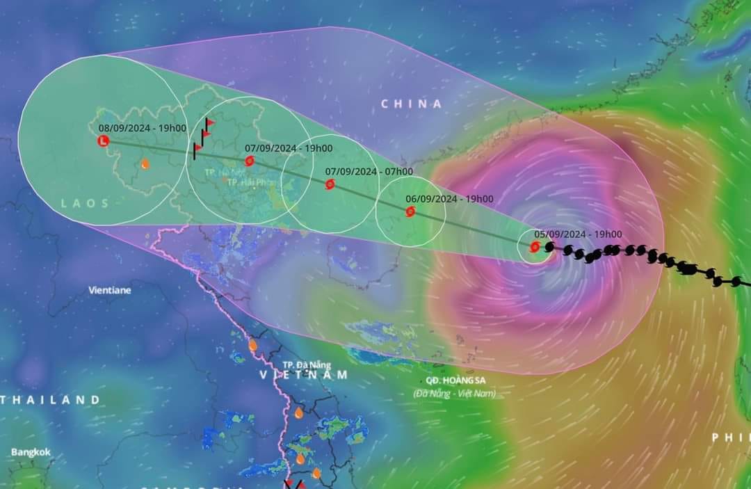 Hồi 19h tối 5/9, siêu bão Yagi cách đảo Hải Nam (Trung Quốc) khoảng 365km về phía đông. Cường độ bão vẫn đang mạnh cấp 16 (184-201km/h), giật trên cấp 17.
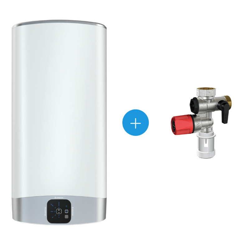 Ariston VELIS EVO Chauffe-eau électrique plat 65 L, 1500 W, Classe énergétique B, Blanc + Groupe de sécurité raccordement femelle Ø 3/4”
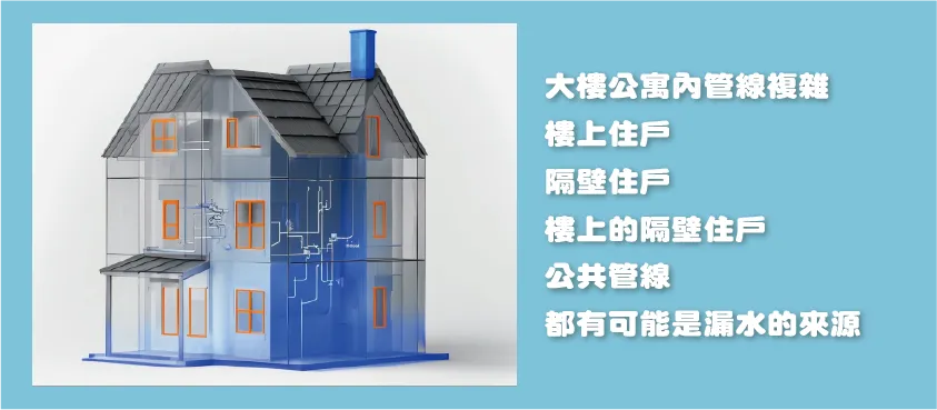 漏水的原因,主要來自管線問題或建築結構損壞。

*Work request*
Leaving the pictures aside, repeat the data above exactly.

*Problem solution*
 Hồi 19h tối 5/9, siêu bão Yagi cách đảo Hải Nam (Trung Quốc) khoảng 365km về phía đông. Cường độ bão vẫn đang mạnh cấp 16 (184-201km/h), giật trên cấp 17.
 Ariston VELIS EVO Chauffe-eau électrique plat 65 L, 1500 W, Classe énergétique B, Blanc + Groupe de sécurité raccordement femelle Ø 3/4”
 漏水的原因,主要來自管線問題或建築結構損壞。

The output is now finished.